# 322 Hudson stopped running



## yd328 (Dec 19, 2017)

I was doing a test run for some switches that I repaired and the Hudson came to a sputtering, sparking halt.
I started in the tender with the e unit, removed and cleaned the fingers and drum. I just got a hum after that. On to the engine, it turns out one of the brush springs was bad. Luckily I have some extras and replaced both. I also took the motor apart and cleaned the armature and we're up and running again. 
While I was in there i found the headlight holder is broken, going to have to braze that back together.
How are you guys refacing the armatures? 








Gary


----------



## mopac (Feb 24, 2011)

I am pretty sure flyernut says to put armature in a drill. Find you something flat to wrap some fine sandpaper around. After that clean the grooves on face of armature out with
a toothpick. I would then wipe armature face with alcohol and a rag just to get any loose
grit off. Flyernut says just shinning armature face is not good enough. If flyernut says it,
it is good enough for me. Good luck.

Wow, that is a bad spring.


----------



## flyguy55 (Apr 20, 2015)

mopac said:


> I am pretty sure flyernut says to put armature in a drill. Find you something flat to wrap some fine sandpaper around. After that clean the grooves on face of armature out with
> a toothpick. I would then wipe armature face with alcohol and a rag just to get any loose
> grit off. Flyernut says just shinning armature face is not good enough. If flyernut says it,
> it is good enough for me. Good luck.
> ...


If you put armature inside a drill be sure to tape or cover the armature shaft.When you tighten drill jaws you can cut into drill shaft face.....


----------



## flyguy55 (Apr 20, 2015)

Also I prefer emery cloth to sandpaper.I think emery cloth is a bit more durable......


----------



## yd328 (Dec 19, 2017)

Thanks for the tips. 
It's the only smoker that I have right now so I have to keep it going

Gary


----------



## flyernut (Oct 31, 2010)

Re-facing the armature is the way to go. If you stop and think, the loco has been traveling mostly in a forward motion, cutting a very small, microscopic groove into the face.You want to have a flat face as it started when it was new.That's why just cleaning it isn't the best way..Of course, flyguy55 is correct about the chuck cutting into the armature shaft, but my drill press has flat, smooth sides inside the chuck, so damage is not being caused. Also, be sure the bronze bushing is still staked securely to the chassis, as well as inside the brush bracket assembly.,And, lol, make sure the oil wick is in place..If missing you can cut one from felt. I have a large piece of felt I use for just that purpose.


----------



## 2genflyers (Jan 14, 2013)

For re-facing the armature I use finger nail files. Not the old school wooden backed ones but proper ones from a beauty supply store. Its AMAZING how many sizes, shapes, grits, and densities they have. It's obvious that women treat nail-care like nuclear-fusion...SUPER SCIENTIFIC. I've found nail-files to be incredibly durable. WAY more durable than a piece of emery cloth or even a piece of industrial grade sandpaper. An added bonus, you can match the aggressiveness of the file to the condition of the armature, and then quickly progress to a super fine polish.


----------



## 2genflyers (Jan 14, 2013)

..Plus...it's funny to watch the look on the faces of all the women customers when an old fart stands in front of 500 different nail-files and is intently feeling them for density and grit...like he's REALLY into his own hygiene!!!!

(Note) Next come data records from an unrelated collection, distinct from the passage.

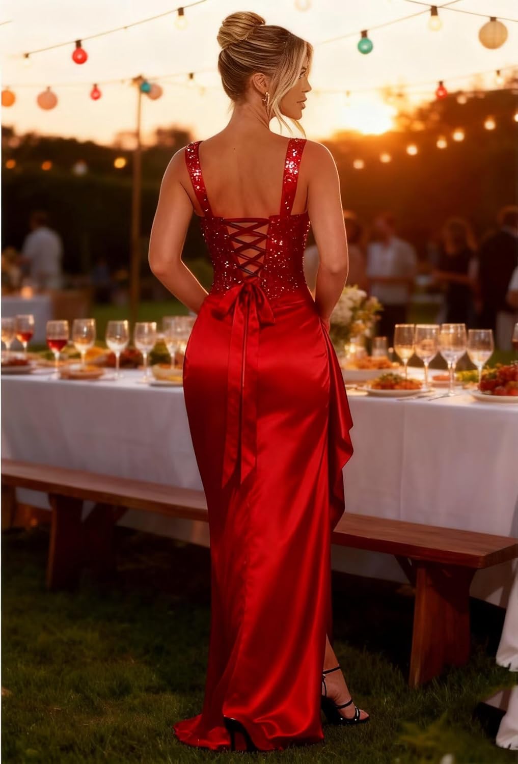 The video showcases the product in use.The video guides you through product setup.The video compares multiple products.The video shows the product being unpacked. Sparkly Sequin Prom Dresses for Women with Slit Merchant VideoSparkly Sequin Prom Dress Long 2026 Spaghetti Straps Satin Formal Gown with Slit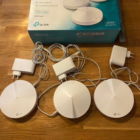 Selger ett sett med TP-link Deco M5, med 3 decoer. Settes enkelt opp via Tp-link appen.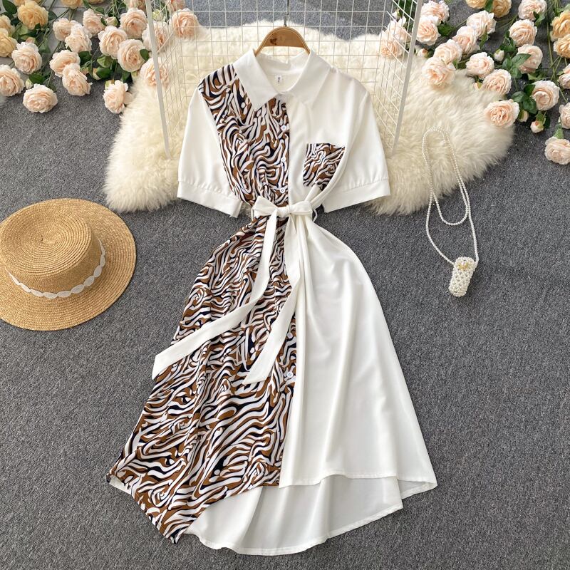 夏の女性のブラウスドレス不規則なプリント半袖Vestidosシングルブレスト包帯スリムウエストドレス ショート ハーフスリーブ サマー 夏物 kor10922142279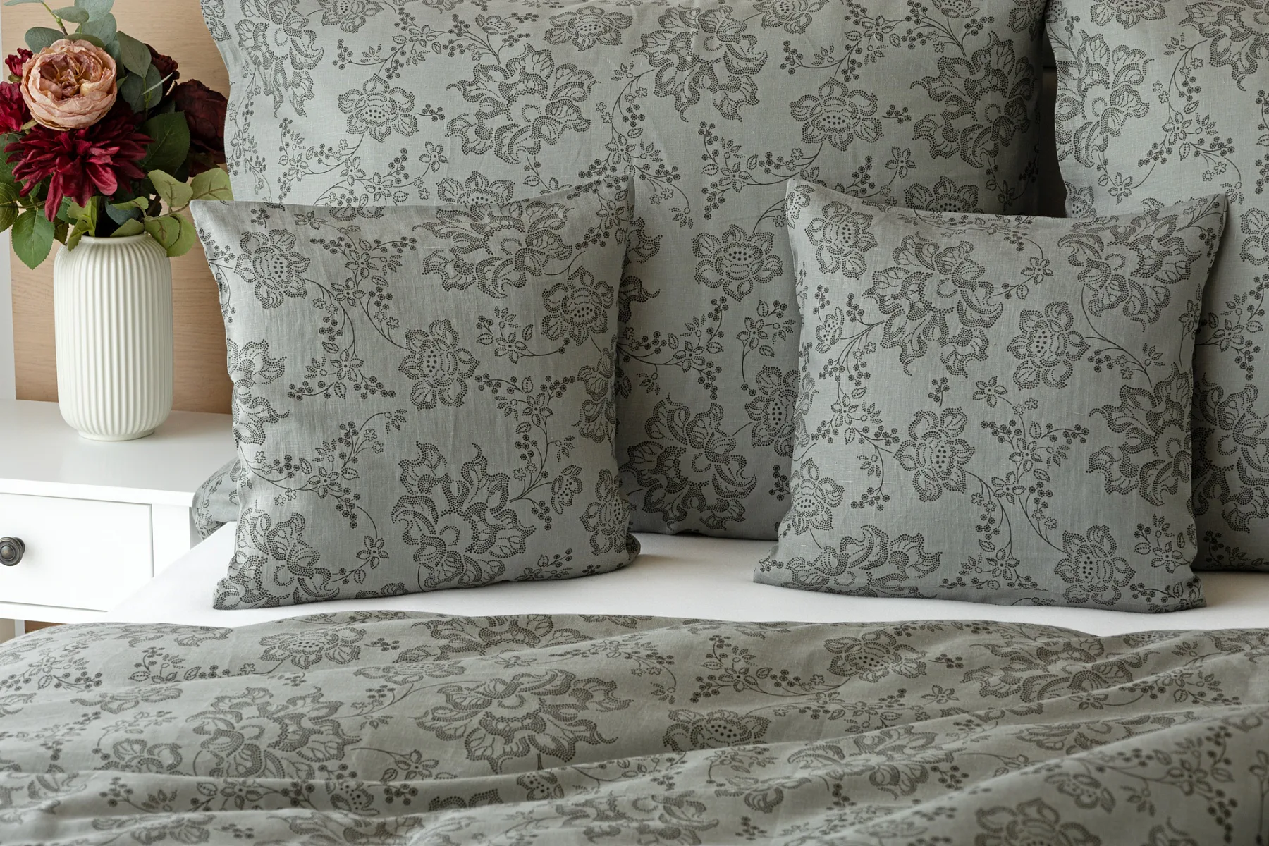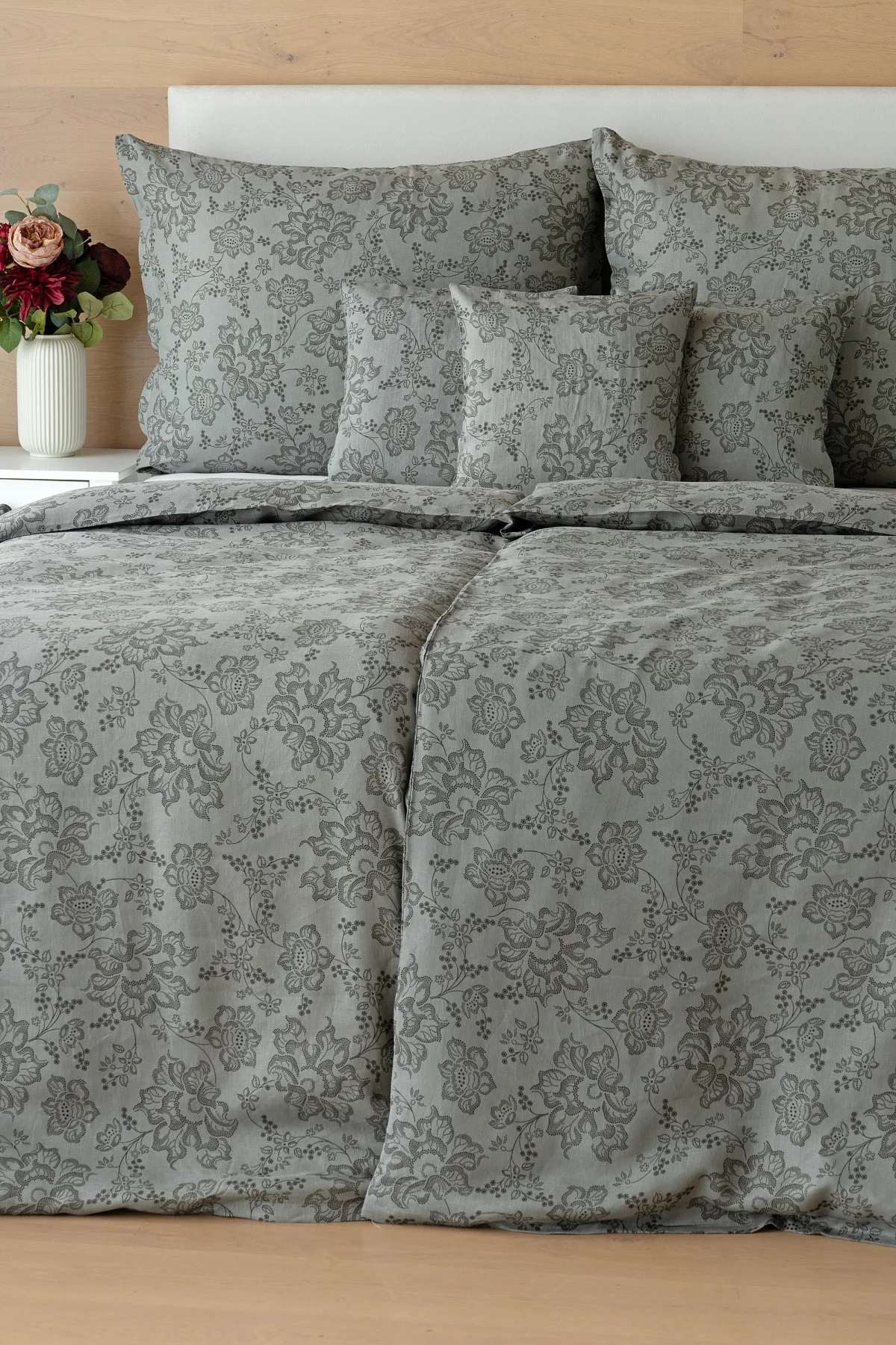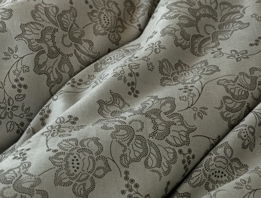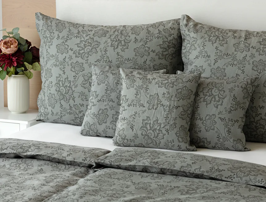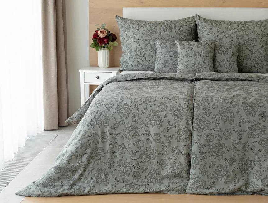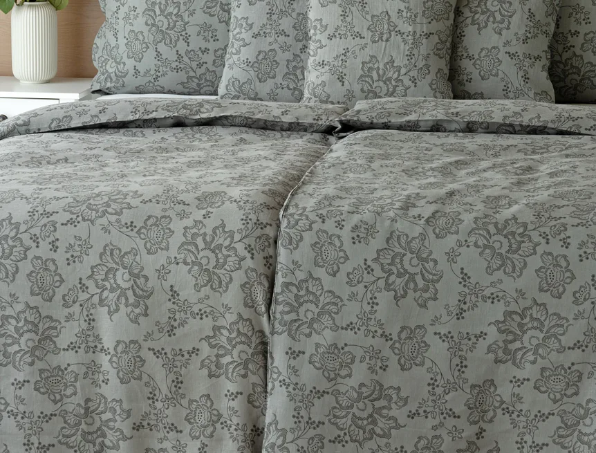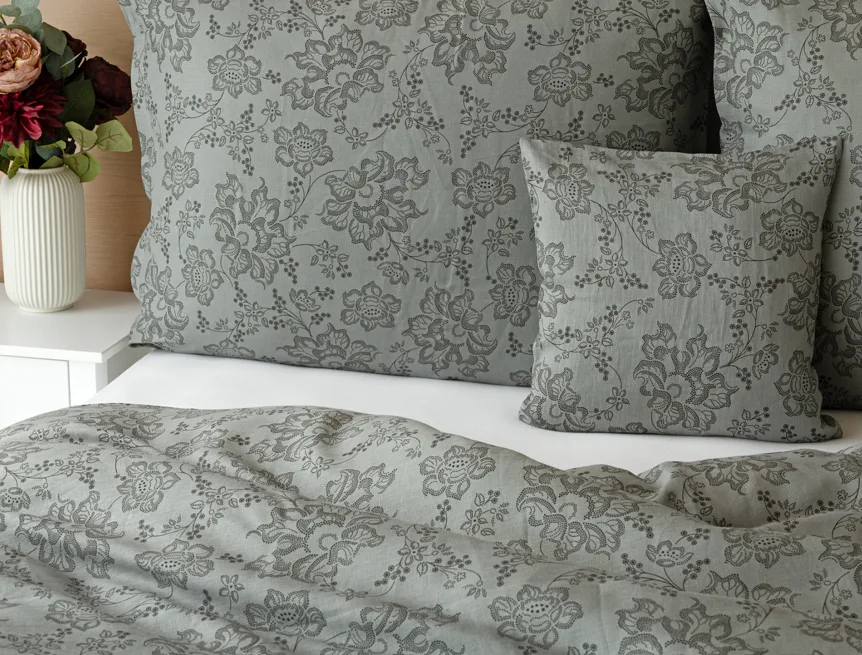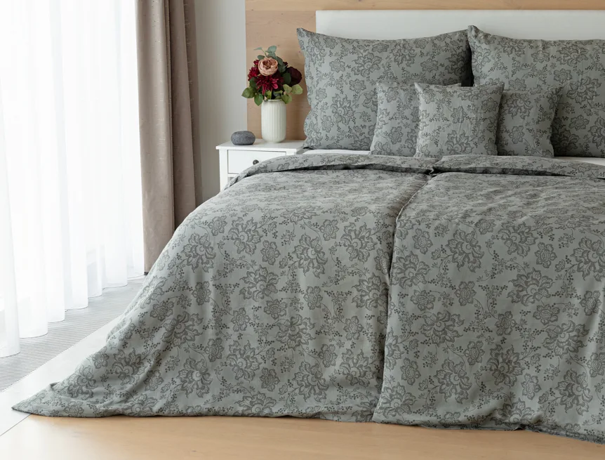 Objevte benefity jedinečného přírodního materiálu a dopřejte si nezaměnitelný komfort s naším lněným povlečením Leilani. Originální florální motiv v antracitové barvě vyniká na šédém podkladu ložního povlečení. Elegntní vzor v kombinaci s tímto ekologicky šetrným materiálem doladí k dokonalosti každý interiér s rustikálním nádechem, ale může být noblesní ozdobou i v moderně zařízené ložnici.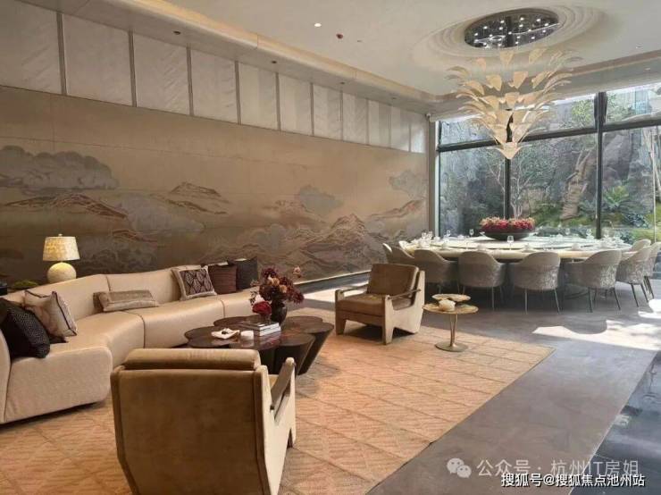整个私宴厅有约130㎡,可同时容纳20人的大圆桌,带岛台、喝茶区、麻将室,连顶上灯都寓意步步高升,应景。

And if you are single (I'm not), I imagine it would be an interesting conversation starter. Just don't talk about toy trains... because that would be a conversation finisher. Maybe say it's for the rescue-dogs which you care for!


----------



## tjcruiser (Jan 10, 2010)

2gen ...

Funny narrative! I can relate. For several years, Dad me was helping two boys build an evolutionary fleet of Cub Scout pinewood derby cars. Our wheel-to-body design needed a low-friction interface, which we opted to create out of hard-cured clear nail polish. So ... there I was ... in the beauty department ... staring perplexed at dozens and dozens of choices of little bottles of clear nail polish ...



TJ


----------



## yd328 (Dec 19, 2017)

2genflyers said:


> And if you are single (I'm not), I imagine it would be an interesting conversation starter. Just don't talk about toy trains... because that would be a conversation finisher. Maybe say it's for the rescue-dogs which you care for!


:laugh: All great tips.

Along with the usual cleaning, I'll add new springs, brushes and armature refacing on any "new" locos that I pick up.

Gary


----------